Damn their eyes and my own; all this irritation with what I consider to be an inadequate and nonsensical editorial apparatus has gotten in the way of this: George Meredith wrote some crazy, awesome, crazy-awesome poetry. All of it was alternately profound, bitter, playful, and hilarious but always beautiful in execution; reading Meredith’s works–but especially, of course, his masterwork Modern Love–was truly satisfying. It reminded me that I would be both happier and closer to the ranks of the morally superior if I 1) acknowledged that, in fact, Milton (1608-74) was not the last person to write super-excellent poetry; 2) I actually, finally, took a 5-minute break from the novel-reading to bust open the Tennyson and Barrett-Browning on my shelves. Mea culpa, my dear Victorian poets, mea culpa.

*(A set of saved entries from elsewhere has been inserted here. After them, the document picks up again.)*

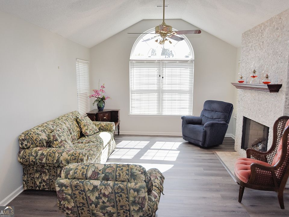 Beautiful, light filled end unit on a private area lot. Enjoy life in this one level, well maintained 2BR/2BA Garden Unit at Harris Orchards of Duluth active community. Brand New windows, water heater, gas log insert/masonry surround in Great Rm, plus newly installed luxury vinyl plank floors which are waterproof, durable, & gorgeous! Vaulted ceilings, palladium windows, Private Courtyard/Patio, 2 car attached garage are just a few of the great features. The open concept floor plan features spacious kitchen with white cabinetry, new granite counters, breakfast bar and opens to dining and great room. Relax in the amazing private outdoor courtyard. Primary suite with oversized vanity, walk-in shower and closet. Monthly fees include use/maintenance of common grounds with pond & fountain, clubhouse, pool, fitness, individual yard and exterior maintenance of the home, w/ exception of windows & garage door. Fantastic location convenient to I-85, walking trails, historic downtown of Duluth with new shops, restaurants, theaters, city green with fountain & amphitheater for festivals & concerts. New friends, new beginnings and new memories await!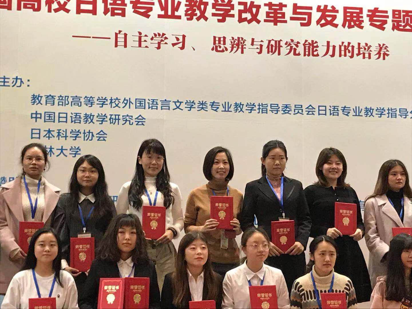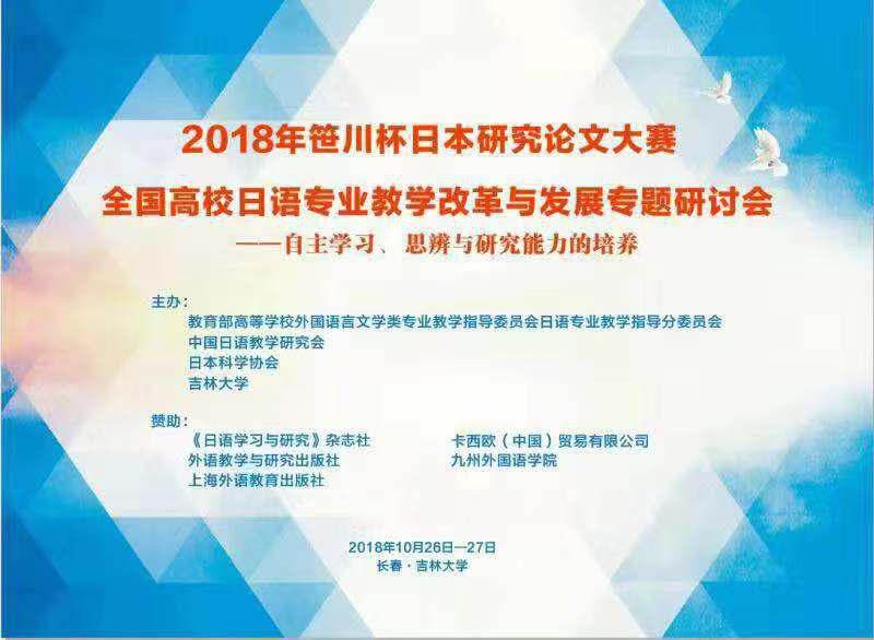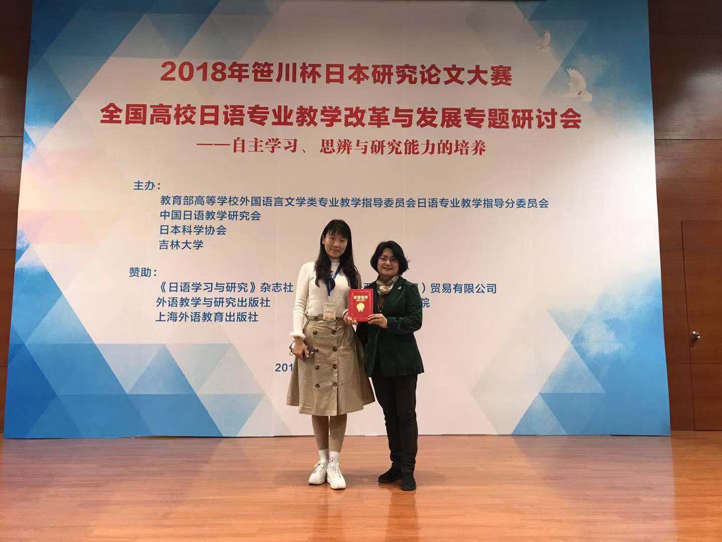 2018年10月27日,在吉林大学举行的全国首届笹川杯老员工日本研究论文大赛中,由suncitygroup太阳集团薛红玲老师指导的日语系2015级许凯欣同学获得文化组三等奖。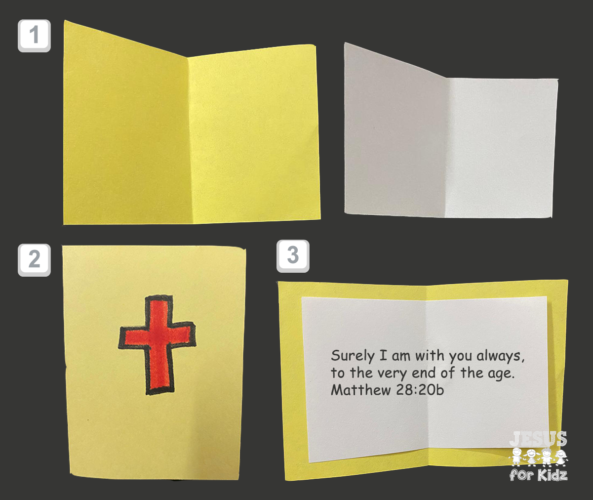 Materials Required: A small rectangular chart paper, a smaller size plain white paper, markers/ crayons for each child, Bibles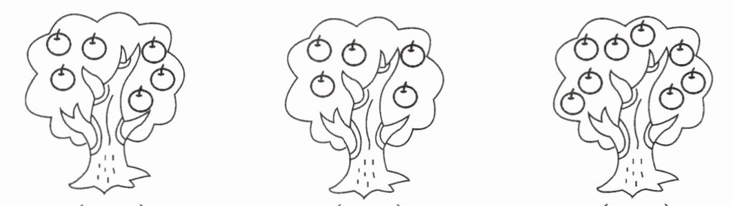 3. 在苹果最多的树下面画“√”,在苹果最少的树下面画“○”。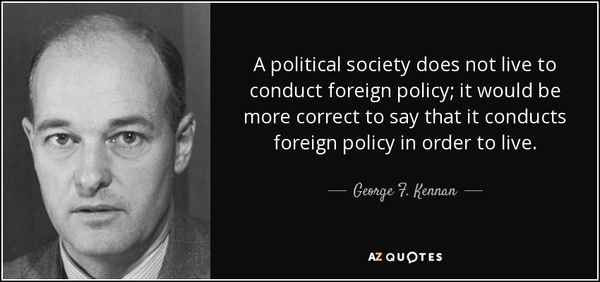A political society does not live to conduct foreign policy; it would be more correct to say that it conducts foreign policy in order to live.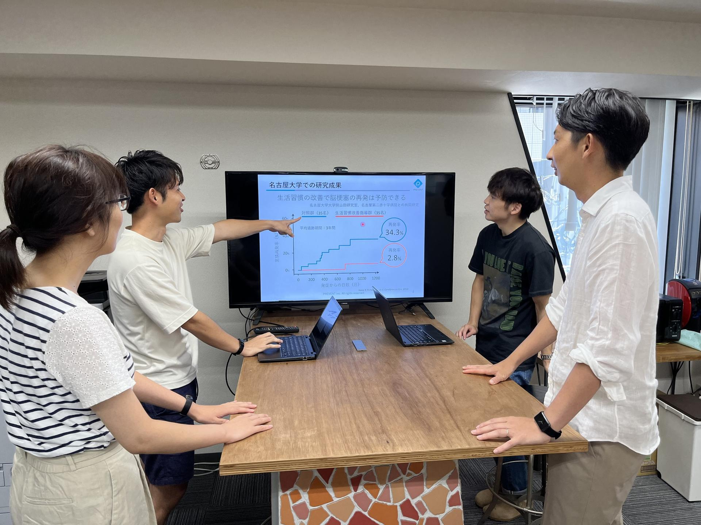 加えて、私の妻が心臓外科の看護師として働いており、彼女の口から患者の苦しむ姿や残された家族の話を日々聞く中で、そういった事態に至る前に何か出来ないかと考えていました。萩原との出会いと、私の個人的な背景が重なり、株式会社PREVENTへの入社を決意しました。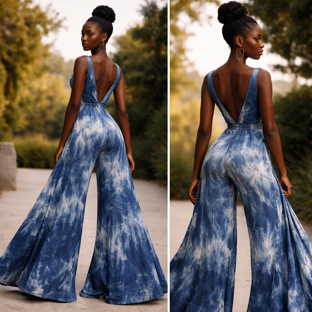 make the model brown skinned and more african looking create a bodysuit jumpsuit in tye died indigo natural looking in cotton or linen with wide flares on the bottom v shaped back a elegant and effortlessly graceful look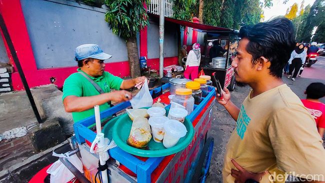 "Ya sehari bisa lah sekitar 200 porsi. Kalau cuaca cerah sampai 250, kemarin kan hujan agak menurun. Ya namanya juga jualan. Biar gampang, itu sudah dibungkus-bungkus, jadi yang beli enggal nunggu lama," kata Juandi.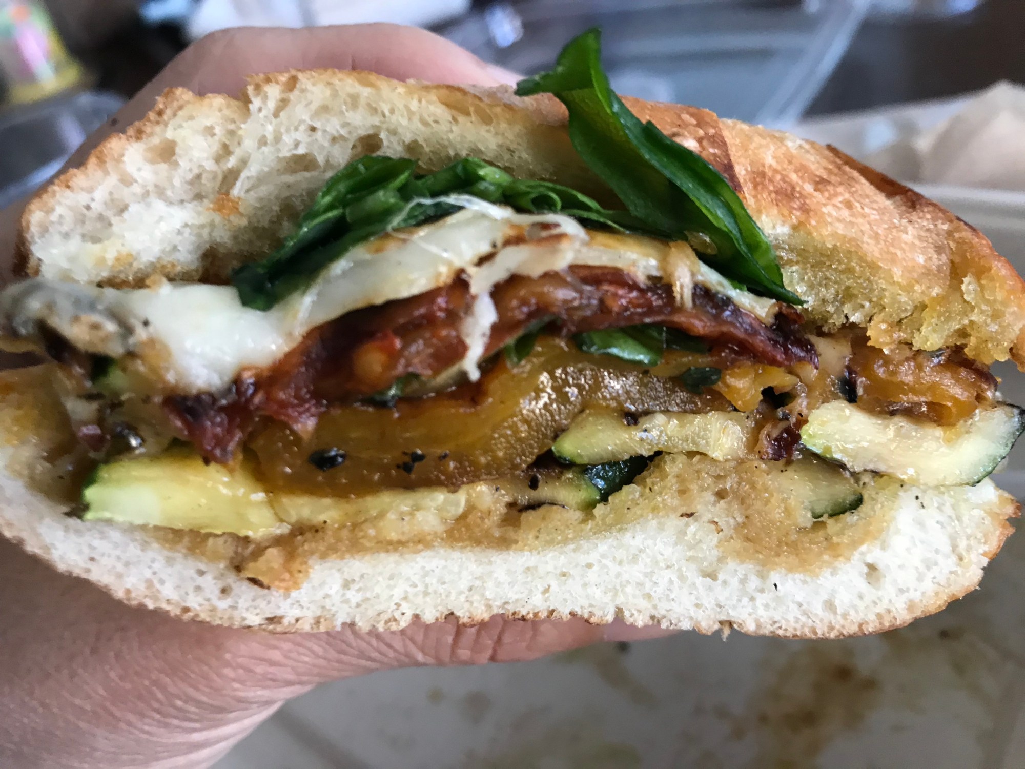 The Massimo Veggie was filled with grilled marinated veggies, roasted tomatoes, arugula and mozzarella on a pressed baguette. It was warm and tasty. Sandwiches are served with a small side salad of romaine, cherry tomatoes and kalamata olives (which come in their own container). If you like olives, you’ll love these olives. If you don’t like olives, you’ll be thankful that they’ve been separated from the rest of your salad.

I keep not discussing George Meredith here; it’s like I’m emulating the Yale editorial apparatus I’m so offended by, damn it. Let’s focus. Modern Love is a sonnet cycle devoted to the bitter dissolution of Meredith’s marriage; it relies on a poetic form traditionally devoted almost exclusively to romantic love, and uses it to present and dissect the recriminations, miscommunications, small pettiness and large jealousies that contribute to the slow cracking of two once loving hearts. It is gorgeous and awful and hideously painful–successful, in other words, in conveying what marital separation looks and feels like. It manages to be both emotionally raw and technically perfect; both homage and transcendence of England’s strong sonnet tradition. Brilliant.
The modern doesn’t reside only in the tearing apart of love’s ideals and marriage’s sanctity, or the exposure of the terribly private pain resulting from these; it’s also in the language which, in spite of “haply”, is very modern. Meredith was, to me, linguistically and in this case, thematically, much more twentieth than nineteenth century. Or, maybe more precisely, you can see the narrator of Modern Love painfully shedding his illusions about his wife and their relationship in tandem with his struggling out of the language of the nineteenth century and towards the twentieth. Here’s a particularly powerful sample:
It ended, and the morrow brought the task.
Her eyes were guilty gates, that let him in
By shutting all too zealous for their sin:
Each sucked a secret, and each wore a mask.
But, oh, the bitter taste her beauty had!
He sickened as at breath of poison-flowers:
A languid humour stole among the hours,
And if their smiles encountered, he went mad,
And raged deep inward, till the light was brown
Before his vision, and the world, forgot,
Looked wicked as some old dull murder-spot.
A star with lurid beams, she seemed to crown
The pit of infamy: and then again
He fainted on his vengefulness, and strove
To ape the magnanimity of love,
And smote himself, a shuddering heap of pain.
Good god. “Each suck’d a secret, and each wore a mask.” This line alone reveals Meredith’s harsh brilliance, but the whole collection is filled with such perfections.
I’m going to come back to all this someday; one of the joys of poetry–and for me, the frustration, because my greying hair and impending 38th birthday make me unable to forget that I have a finite time on earth to get to all the books I haven’t read yet–is savouring it through multiple re-readings. In the meantime, I will not faint on my vengefulness toward Yale et al but will, instead, immerse myself in a Victorian door-stopper edited more to my tastes.
*Versus the maybe tens of people who will read this post through to the end. I don’t have any illusions about my relative importance in this dance!